BIW Optimization by Means of an Automated CAE Process for the Reduction of Welding Points

摘要

The reduction of vehicle manufacturing costs is one of the most important targets in the development phase. One way to reduce this cost is by means of the reduction of welding points. Another challenge lies in reducing the development time. Both for reduction of costs as well as development time, simulation is increasingly important. This paper explains how both objectives can be achieved by means of spot weld optimization applying the finite-element method. The BIW has to satisfy certain requirements. The most important requirements concern fatigue, stiffness and crashworthiness. Some requirements may cause conflicting solutions, for example, a good solution for stiffness (such as a high eigenvalue), could be an unacceptable solution for crashworthiness. For this reason, joints or other parts are sometimes oversized. In order to reduce the cost of the project and simplify the manufacturing process, an optimization study is performed. In this project, all spot welds used in the manufacturing process of the BIW will be analysed with optimization software (PAM-OPT) for all load cases mentioned earlier (crashworthiness, stiffness and fatigue). The objective is to minimize the number of welds and improve the defined targets. After this spot weld reduction, the BIW must still meet all structural targets defined in the project. This means that the target in BIW stiffness (first eigenvalue), crash targets (pulse, deformation pattern, intrusions) and fatigue targets must be respected.
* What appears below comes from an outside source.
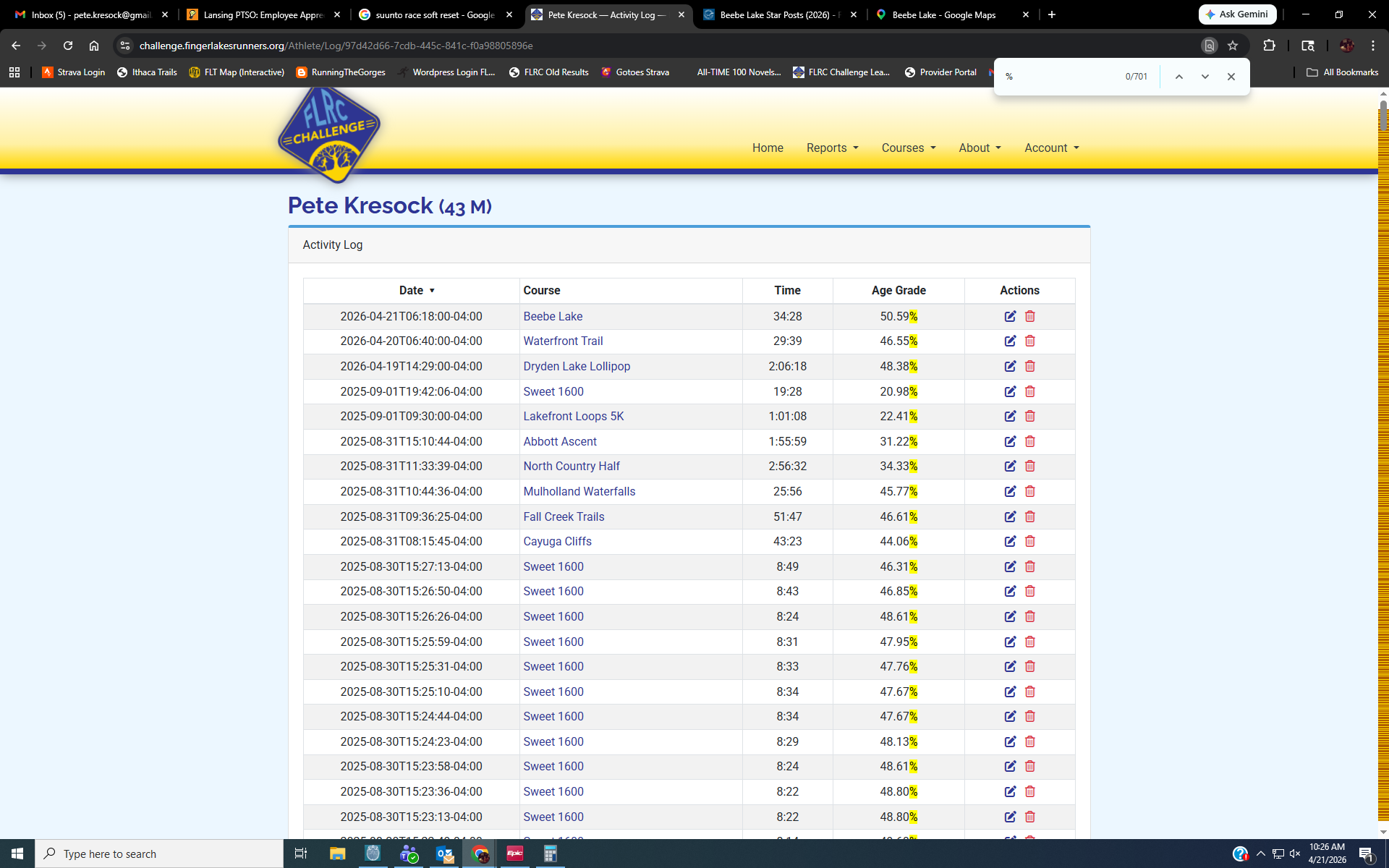 Fun side note: I was messing around on the Leaderboard and discovered a quick and easy way to see how many lifetime Challenge runs someone has logged. Go to your personal athlete homepage and click the “Activity Log” button. This lists every run you’ve done in the Challenge’s six-year history. Use the search function in your browser to search the % character and voila! The result total equals the total number of lifetime runs you’ve recorded. This works in Chrome on my desktop and Safari in iOS. I’d assume it also works in Chrome for Android.
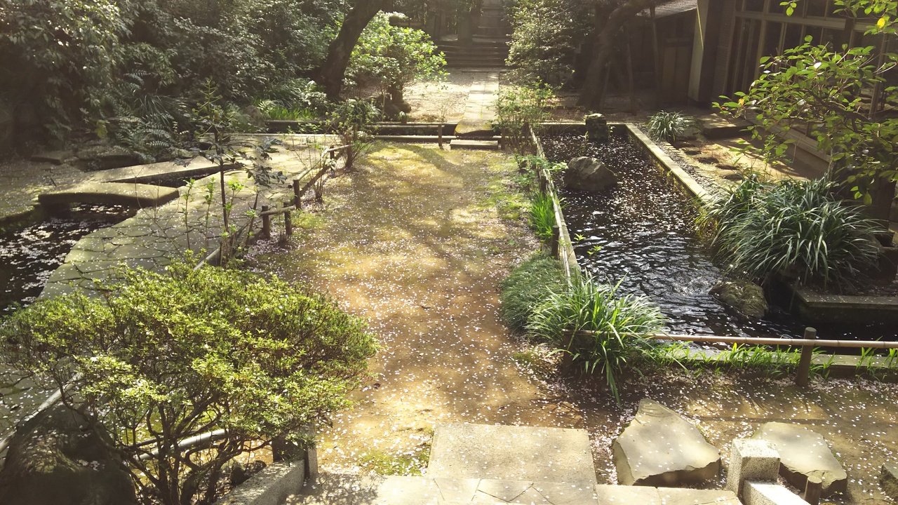 庭園も生い茂った木々のすき間から光が差し込んでいます。この茶室から見る中庭の景色はとても美しいと思います。

In order to perform the optimization, it is necessary to define the target (e.g. spot weld reduction), the constraints for each load case (structural targets), the best optimization algorithm to be used and design parameters, as well as considering issues such as optimizing CPU usage. This study is limited by the amount of available CPU's. Analysing different load cases for a complete BIW, implies a significant calculation capacity, especially for load cases calculated with the explicit method (offset crash, side crash, etc.). The limited availability of CPUs could mean that only a partial study of the vehicle is feasible.